ほぼほぼ俺が悪いのだが、出来るだけ穏便に済ませたい…
「だ、だがっ!!夜人だって婚約者と一緒にデートしていたんだぞ?!俺様が女子と出かけて行ったって可笑しくはないだろ?!!」
「証人」
「はい。確かに被告人はそれはもう幸せオーラ全開でデートに勤しんでおりました。私は皆さま周知の婚約者と出かけておりましたが、被告人はそうではなく、又、私達が霞むほどに甘ったるい光景が見せつけてきました」
「夜人?!!!」
筈だったが、零は一瞬俺を売ろうとしたから方向転換
ここは大人しく剣真たちの玩具になって貰おう
そして…あわよくば俺がポロッと言ってしまった事は忘れてしまって欲しい
ーーードンドンーーー
「判決を言い渡す。

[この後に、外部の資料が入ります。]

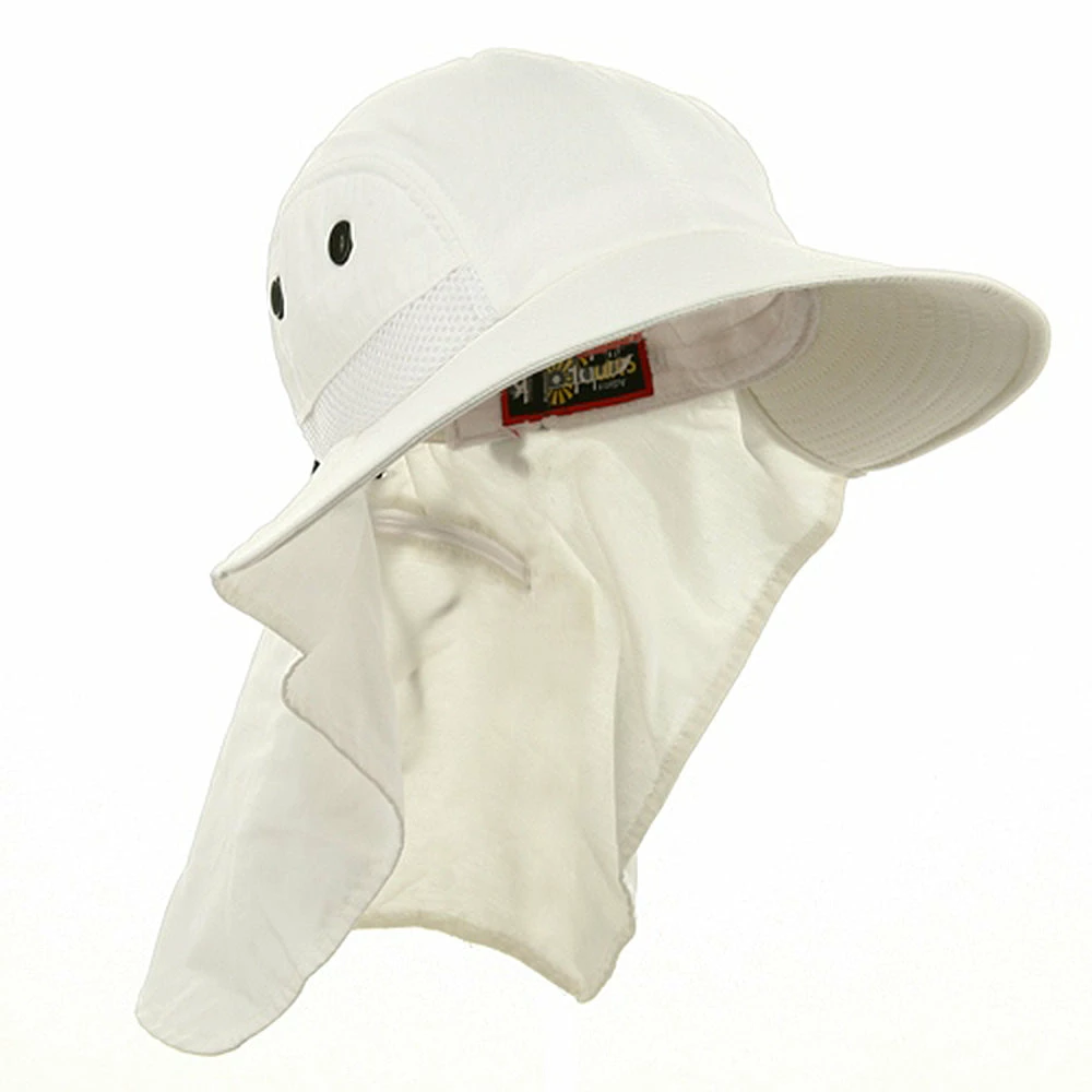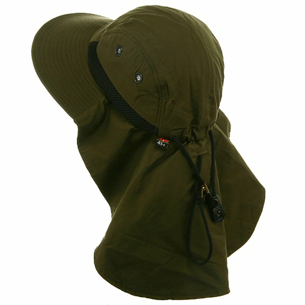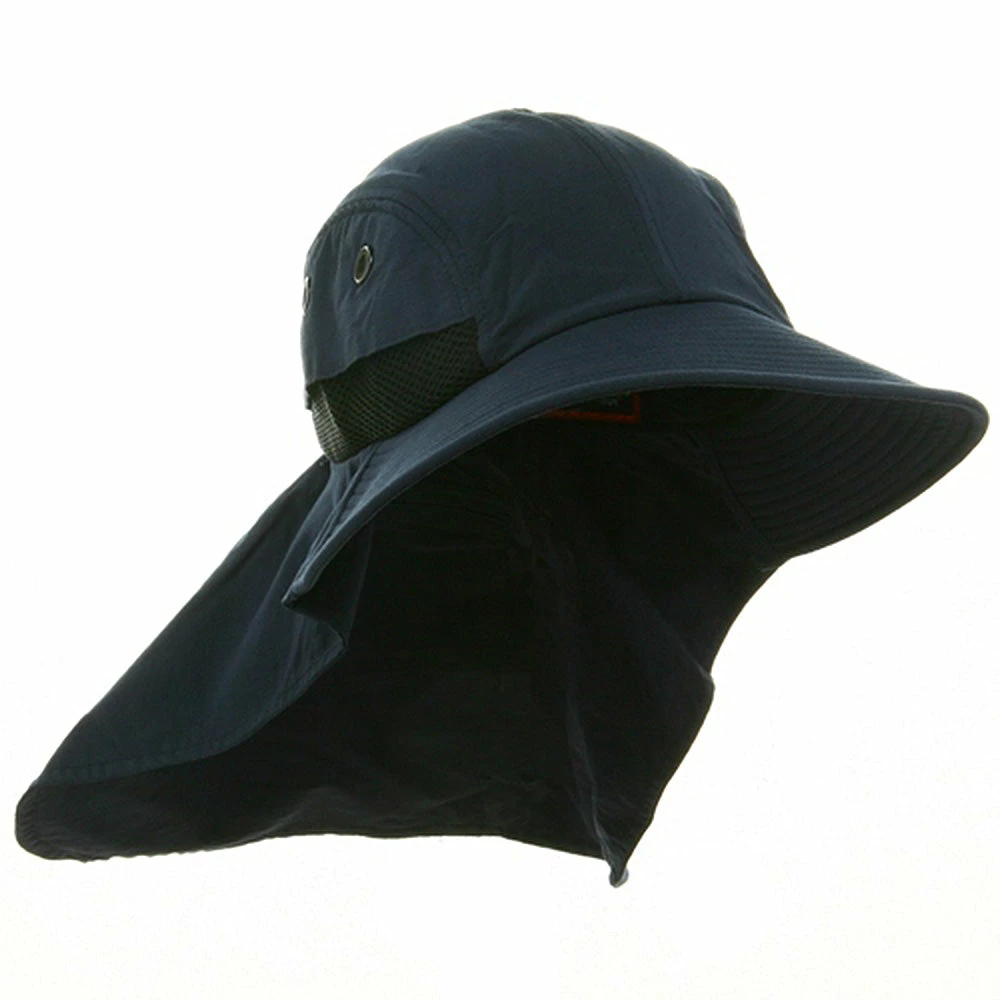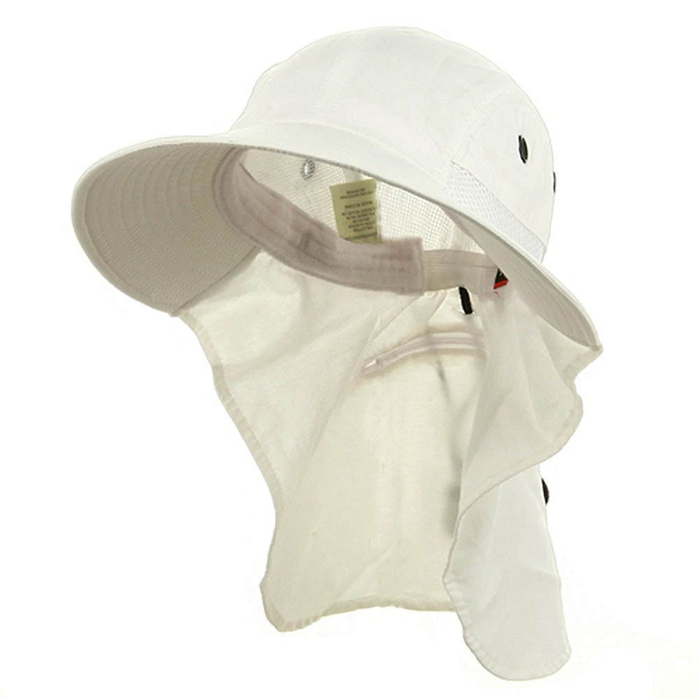 Men and women alike, be ready for your next great safari with our irreplaceable UV 45+Extreme Condition Flap Hat. Made from unique blend of UV protective cotton and nylon, thiscolored hat is “the” hat to take with you on your next big adventure. This extreme outdoor hat features a 3 1/2″ wide foam brim with an 8 1/2″ long veil with adjustable back string, to provide you with just the right fit to allow maximum protection from whatever elements you may encounter. In addition to the four paneled mesh lined crown keeping your head cool, this hat also features metal lined ventilation holes on each side, an inner terry sweatband and Zipper Ice pack pocket, all constructed and designed to provide you with maximum circulation and refreshing coolness at all times.Also fitted with an elastic band and metal buckle to allow you to choose the perfect size for your head and provide you with a snug “stay -on” fit, for those days when your safari may require you to run Don’t leave home without this hat, you have been warned!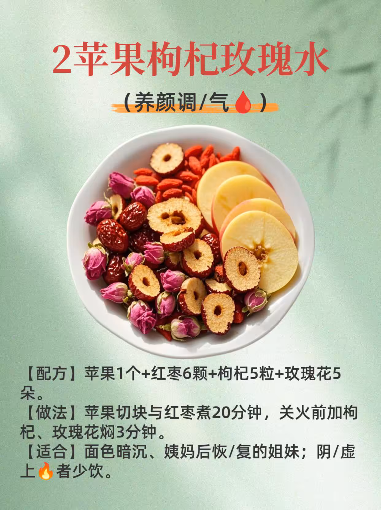 🌹 蘋果枸杞玫瑰水:蘋果1個+紅棗6顆+枸杞5粒+玫瑰花5朵。蘋果紅棗煮20分鐘,關火前加枸杞玫瑰燜3分鐘。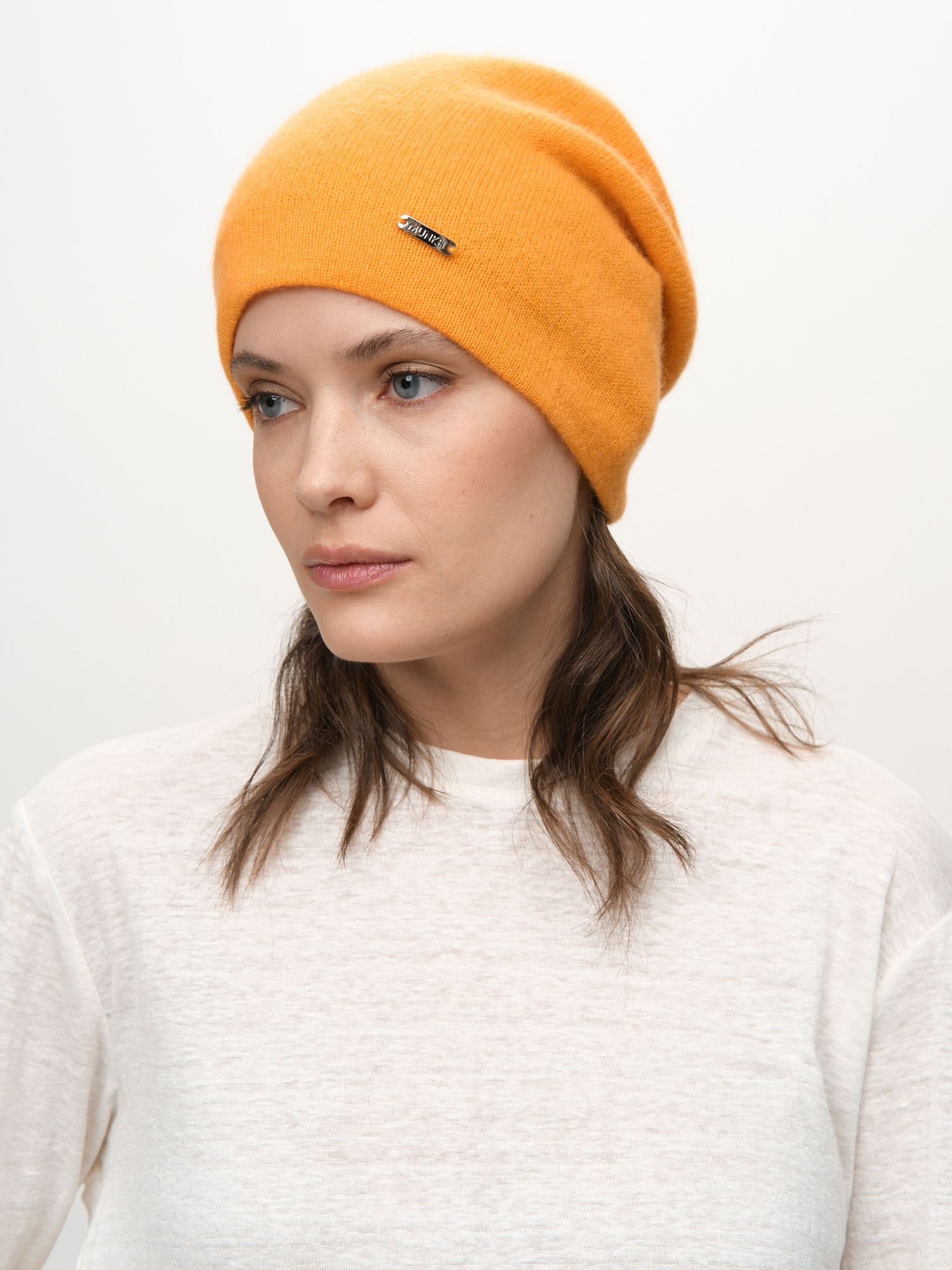 Шапка из кашемира 04322 оранжевая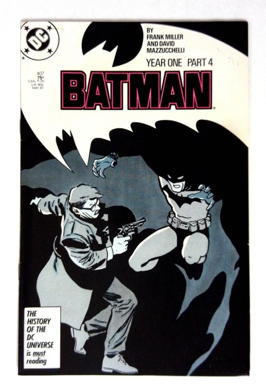 Batman #407 (1987) VF/NM Batman DC Batman Iconic cover featuring Batman looming over a criminal as Commissioner Gordon fires his weapon. This issue concludes the 'Year One' storyline by Frank Miller and David Mazzuc ... Read More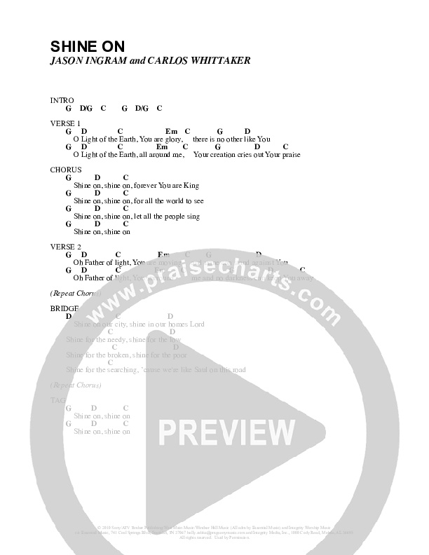 Download the PDF Chord Charts for Shine On by Carlos Whittaker, from the album Ragamuffin Soul. This song was arranged by Integrity Music in the key of .

被告人、香我美 零は『目撃された女子との出逢いから馴れ初め、昨日のデートコースを余すことなく伝える刑』に処する。…あと追加で『甘ったるい台詞は吐いていたのならば、キメ顔で我々にそれを実践するの刑』とする」
刑が重すぎない?!!!
「い、嫌だ!!!俺様はその様な刑には屈しないぞ!!」
「なお刑の執行を拒否する場合は、1-Aの女子に我々が言いふらした後にタヒ刑とする」
メチャクチャ重すぎない?!!!
「という事で零ぃぃぃ~~???お前の甘ったるい馴れ初めをワイ等に報告しようやぁ~」
そう言いながら剣真と創、やや後方から公理くんが零を囲んで自白を促して(?)いった
俺はそれを見ながら後方から手を合わして置くに留めておいた
零、南無……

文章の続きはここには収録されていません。